Retype every line of the data below, starting with the first and ending with the line that contains "In January 1910, Mills", but leave out the pictures.

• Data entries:
= Beginning of Section =

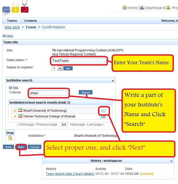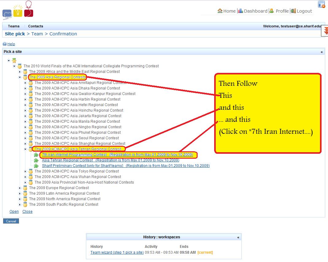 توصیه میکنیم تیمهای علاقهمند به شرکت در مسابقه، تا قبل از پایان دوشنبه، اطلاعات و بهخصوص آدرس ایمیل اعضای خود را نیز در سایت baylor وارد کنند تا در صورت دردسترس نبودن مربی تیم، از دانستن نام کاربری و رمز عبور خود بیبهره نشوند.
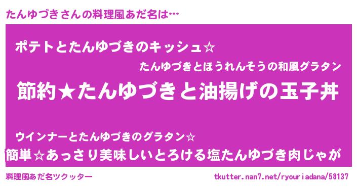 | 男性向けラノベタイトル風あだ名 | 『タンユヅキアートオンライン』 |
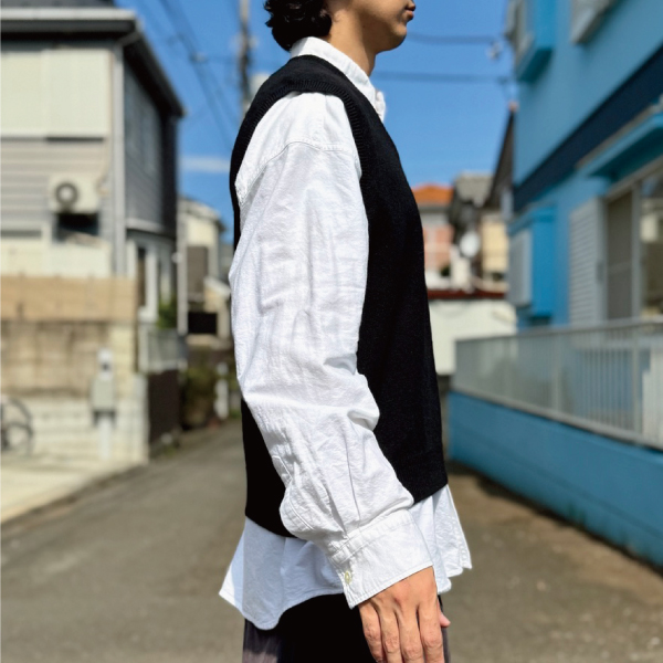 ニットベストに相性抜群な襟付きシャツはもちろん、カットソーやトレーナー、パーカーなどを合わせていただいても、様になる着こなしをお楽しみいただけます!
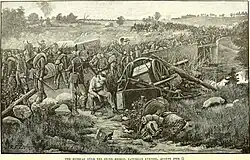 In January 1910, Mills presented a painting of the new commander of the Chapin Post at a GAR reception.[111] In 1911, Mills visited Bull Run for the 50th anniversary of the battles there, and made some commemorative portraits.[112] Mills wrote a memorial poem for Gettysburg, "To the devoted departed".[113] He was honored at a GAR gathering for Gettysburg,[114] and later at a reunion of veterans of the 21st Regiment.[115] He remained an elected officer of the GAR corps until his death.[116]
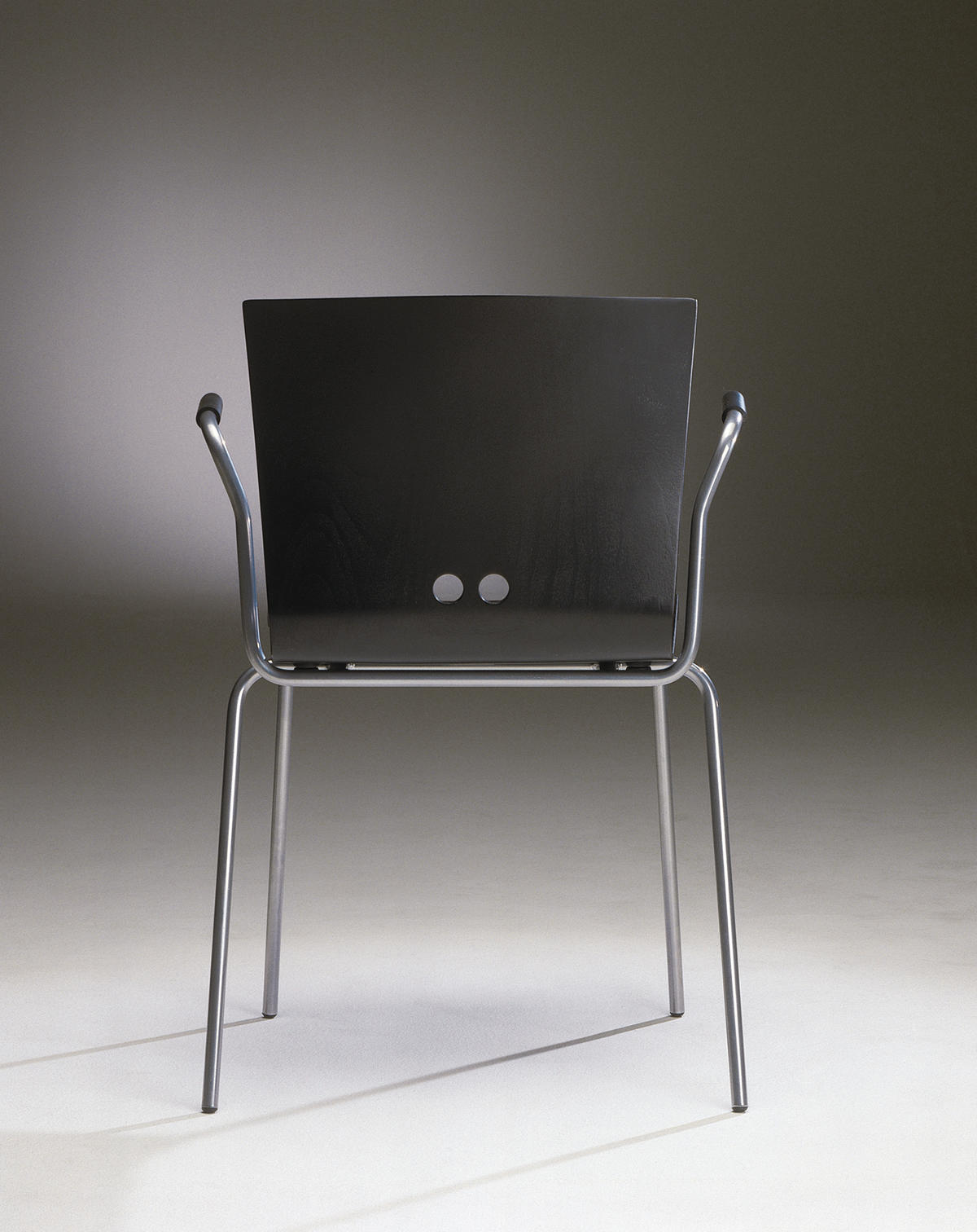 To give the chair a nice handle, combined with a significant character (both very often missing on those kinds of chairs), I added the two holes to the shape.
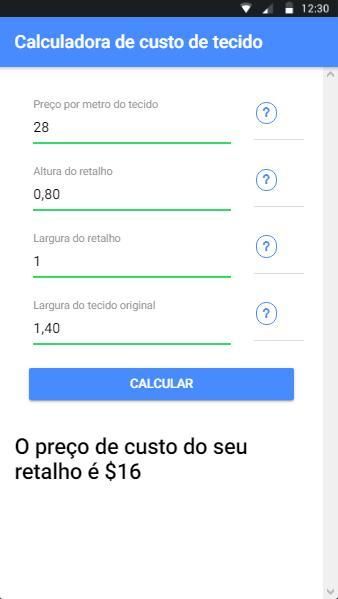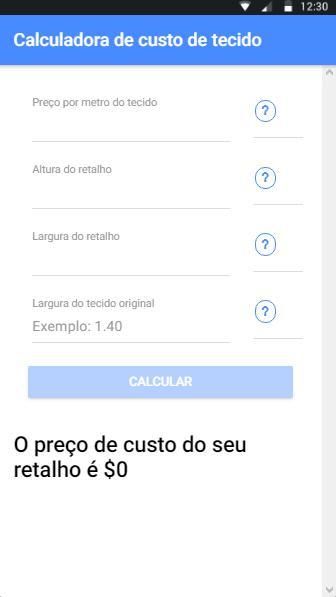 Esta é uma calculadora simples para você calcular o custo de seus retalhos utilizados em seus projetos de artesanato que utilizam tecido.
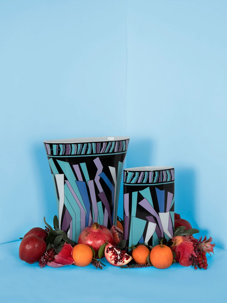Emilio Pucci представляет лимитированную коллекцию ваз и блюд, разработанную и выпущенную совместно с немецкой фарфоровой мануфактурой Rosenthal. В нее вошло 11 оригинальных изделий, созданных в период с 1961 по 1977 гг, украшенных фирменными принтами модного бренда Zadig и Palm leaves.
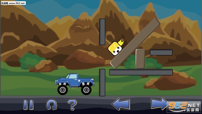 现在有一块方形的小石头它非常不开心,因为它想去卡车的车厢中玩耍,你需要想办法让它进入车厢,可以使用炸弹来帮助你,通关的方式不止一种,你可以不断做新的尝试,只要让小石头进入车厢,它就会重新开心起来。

= End of Section =

• PROBLEM SOLUTION:
 توصیه میکنیم تیمهای علاقهمند به شرکت در مسابقه، تا قبل از پایان دوشنبه، اطلاعات و بهخصوص آدرس ایمیل اعضای خود را نیز در سایت baylor وارد کنند تا در صورت دردسترس نبودن مربی تیم، از دانستن نام کاربری و رمز عبور خود بیبهره نشوند.
 | 男性向けラノベタイトル風あだ名 | 『タンユヅキアートオンライン』 |
 ニットベストに相性抜群な襟付きシャツはもちろん、カットソーやトレーナー、パーカーなどを合わせていただいても、様になる着こなしをお楽しみいただけます!
 In January 1910, Mills presented a painting of the new commander of the Chapin Post at a GAR reception.[111] In 1911, Mills visited Bull Run for the 50th anniversary of the battles there, and made some commemorative portraits.[112] Mills wrote a memorial poem for Gettysburg, "To the devoted departed".[113] He was honored at a GAR gathering for Gettysburg,[114] and later at a reunion of veterans of the 21st Regiment.[115] He remained an elected officer of the GAR corps until his death.[116]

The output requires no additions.